Happy New Year to you all! It has been a long little while since I’ve last written, hasn’t it? I hope that January has been treating you well so far.
Now, a question for you. Do you know the power of beginning?
There’s something almost transcendent about beginning. Actively choosing to buck fear, anxiety, and doubt for the sake of risk and the potential of reward. Perhaps this is a timely message for you. Naturally, I’m speaking in the context of beginning that artistic endeavor, project, or business you’ve been dreaming about or neglecting, but, the lessons about the power of beginning are universal. They transcend into other areas of life as well. Take note of that.
But let’s bring it back down to
eart h for a second.
Though I studied creative writing in school, I didn’t receive any formal poetry education. I never took a class. I think my African American Literature course was the closest that I got and that was only from an analysis and understanding perspective. Nothing about writing per se. Still, I started writing poetry in the final months of my final semester. Not only that, I was bold enough to start submitting it. Some of it eventually got published. Somewhere along the way, I started writing books: chapbooks and a full-length. All of which I also submitted. All of which have been published or will be shortly.
Am I rushing through this story a little bit so this won’t be a long read? Yes. Is it still articulating my point though? Also yes.

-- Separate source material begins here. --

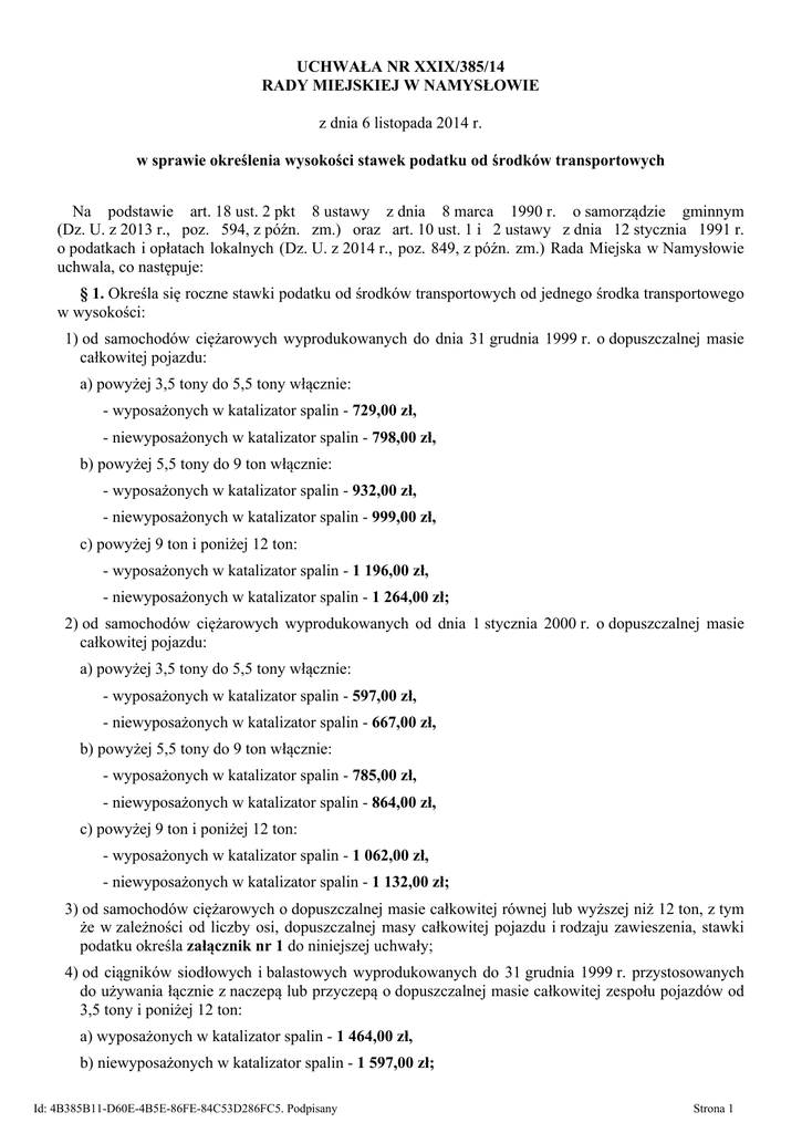 UCHWAŁA NR XXIX/385/14 RADY MIEJSKIEJ W NAMYSŁOWIE z dnia 6 listopada 2014 r. w sprawie określenia wysokości stawek podatku od środków transportowych Na podstawie art. 18 ust. 2 pkt 8 ustawy z dnia 8 marca 1990 r. o samorządzie gminnym (Dz. U. z 2013 r., poz. 594, z późn. zm.) oraz art. 10 ust. 1 i 2 ustawy z dnia 12 stycznia 1991 r. o podatkach i opłatach lokalnych (Dz. U. z 2014 r., poz. 849, z późn. zm.) Rada Miejska w Namysłowie uchwala, co następuje: § 1. Określa się roczne stawki podatku od środków transportowych od jednego środka transportowego w wysokości: 1) od samochodów ciężarowych wyprodukowanych do dnia 31 grudnia 1999 r. o dopuszczalnej masie całkowitej pojazdu: a) powyżej 3,5 tony do 5,5 tony włącznie: - wyposażonych w katalizator spalin - 729,00 zł, - niewyposażonych w katalizator spalin - 798,00 zł, b) powyżej 5,5 tony do 9 ton włącznie: - wyposażonych w katalizator spalin - 932,00 zł, - niewyposażonych w katalizator spalin - 999,00 zł, c) powyżej 9 ton i poniżej 12 ton: - wyposażonych w katalizator spalin - 1 196,00 zł, - niewyposażonych w katalizator spalin - 1 264,00 zł; 2) od samochodów ciężarowych wyprodukowanych od dnia 1 stycznia 2000 r. o dopuszczalnej masie całkowitej pojazdu: a) powyżej 3,5 tony do 5,5 tony włącznie: - wyposażonych w katalizator spalin - 597,00 zł, - niewyposażonych w katalizator spalin - 667,00 zł, b) powyżej 5,5 tony do 9 ton włącznie: - wyposażonych w katalizator spalin - 785,00 zł, - niewyposażonych w katalizator spalin - 864,00 zł, c) powyżej 9 ton i poniżej 12 ton: - wyposażonych w katalizator spalin - 1 062,00 zł, - niewyposażonych w katalizator spalin - 1 132,00 zł; 3) od samochodów ciężarowych o dopuszczalnej masie całkowitej równej lub wyższej niż 12 ton, z tym że w zależności od liczby osi, dopuszczalnej masy całkowitej pojazdu i rodzaju zawieszenia, stawki podatku określa załącznik nr 1 do niniejszej uchwały; 4) od ciągników siodłowych i balastowych wyprodukowanych do 31 grudnia 1999 r. przystosowanych do używania łącznie z naczepą lub przyczepą o dopuszczalnej masie całkowitej zespołu pojazdów od 3,5 tony i poniżej 12 ton: a) wyposażonych w katalizator spalin - 1 464,00 zł, b) niewyposażonych w katalizator spalin - 1 597,00 zł; Id: 4B385B11-D60E-4B5E-86FE-84C53D286FC5. Podpisany Strona 1 5) od ciągników siodłowych i balastowych wyprodukowanych od dnia 1 stycznia 2000 r., przystosowanych do używania łącznie z naczepą lub przyczepą o dopuszczalnej masie całkowitej zespołu pojazdów od 3,5 tony i poniżej 12 ton: a) wyposażonych w katalizator spalin - 1 327,00 zł, b) niewyposażonych w katalizator spalin - 1 397,00 zł; 6) od ciągników siodłowych i balastowych przystosowanych do używania łącznie z naczepą lub przyczepą, o dopuszczalnej masie całkowitej zespołu pojazdów równej lub wyższej niż 12 ton, z tym że w zależności od liczby osi, dopuszczalnej masy całkowitej pojazdu i rodzaju zawieszenia, stawki podatku określa załącznik nr 2 do niniejszej uchwały; 7) od przyczep i naczep wyprodukowanych do 31 grudnia 1999 r., które łącznie z pojazdem silnikowym posiadają dopuszczalną masę całkowitą od 7 ton i poniżej 12 ton, z wyjątkiem związanych wyłącznie z działalnością rolniczą prowadzoną przez podatnika podatku rolnego - 801,00 zł; 8) od przyczep i naczep wyprodukowanych od dnia 1 stycznia 2000 r., które łącznie z pojazdem silnikowym posiadają dopuszczalną masę całkowitą od 7 ton i poniżej 12 ton, z wyjątkiem związanych wyłącznie z działalnością rolniczą prowadzoną przez podatnika podatku rolnego 669,00 zł; 9) od przyczep i naczep, które łącznie z pojazdem silnikowym posiadają dopuszczalną masę całkowitą równą lub wyższą niż 12 ton, z wyjątkiem związanych wyłącznie z działalnością rolniczą prowadzoną przez podatnika podatku rolnego, z tym że w zależności od liczby osi, dopuszczalnej masy całkowitej pojazdu i rodzaju zawieszenia , stawki podatku określa załącznik nr 3 do niniejszej uchwały; 10) od autobusów wyprodukowanych do dnia 31 grudnia 1999 r. w zależności od liczby miejsc do siedzenia: a) mniej niż 30 miejsc: - wyposażonych w katalizator spalin - 932,00 zł, - niewyposażonych w katalizator spalin - 999,00 zł, b) równej lub wyższej niż 30 miejsc: - wyposażonych w katalizator spalin - 1 994,00 zł, - niewyposażonych w katalizator spalin - 2 062,00 zł; 11) od autobusów wyprodukowanych od dnia 1 stycznia 2000 r. w zależności od liczby miejsc do siedzenia: a) mniej niż 30 miejsc: - wyposażonych w katalizator spalin - 798,00 zł, - niewyposażonych w katalizator spalin - 864,00 zł, b) równej lub wyższej niż 30 miejsc: - wyposażonych w katalizator spalin - 1 862,00 zł, - niewyposażonych w katalizator spalin - 1 931,00 zł. § 2. Wykonanie uchwały powierza się Burmistrzowi Namysłowa. § 3. Traci moc uchwała Nr XXIII/291/13 Rady Miejskiej w Namysłowie z dnia 28 listopada 2013 r. w sprawie określenia wysokości stawek podatku od środków transportowych. Id: 4B385B11-D60E-4B5E-86FE-84C53D286FC5. Podpisany Strona 2 § 4. Uchwała podlega ogłoszeniu w Dzienniku Urzędowym Województwa Opolskiego i wchodzi w życie po upływie 14 dni od jej ogłoszenia, z mocą obowiązującą od 1 stycznia 20 15 r. Przewodniczący Rady Jarosław Iwanyszczuk Id: 4B385B11-D60E-4B5E-86FE-84C53D286FC5. Podpisany Strona 3 Załącznik Nr 1 do Uchwały Nr XXIX/385/14 Rady Miejskiej w Namysłowie z dnia 6 listopada 2014 r. STAWKI PODATKU DLA POJAZDÓW OKREŚLONYCH W § 1 PKT 3 UCHWAŁY liczba osi i dopuszczalna masa całkowita (w tonach) nie mniej niż 12 13 14 15 12 17 19 21 23 25 12 25 27 29 31 stawka podatku w złotych oś jezdna (osie) z zawieszeniem mniej niż pneumatycznym lub zawieszeniem uznanym za równoważne dwie osie 13 1 450,00 14 1 464,00 15 1 498,00 1 684,00 trzy osie 17 1 506,00 19 1 642,00 21 1 777,00 23 1 912,00 25 1 990,

There’s no guarantee that my work wouldn’t be picked up or published, but had I not submitted, I’d never know. If I tried to stifle the poetry I was writing, since I solely considered myself a fiction writer at the time, I wouldn’t have multiple books under my belt. All of that came as a result of me choosing to begin. Through the doubt. Despite the anxiety. Even with the fear. I chose, and I continue to choose, to begin. There is tremendous power in that. So friends, I encourage you to join me.
Pick up that paintbrush. Put that makeshift backdrop together. Pull out the knives. Break out the kiln. Plié. Grab that guitar. String those words together. There is art inside of you waiting to be made. Or perhaps it’s been made, it’s just waiting on you to release it into the world.
Take the first step. It’s time to begin.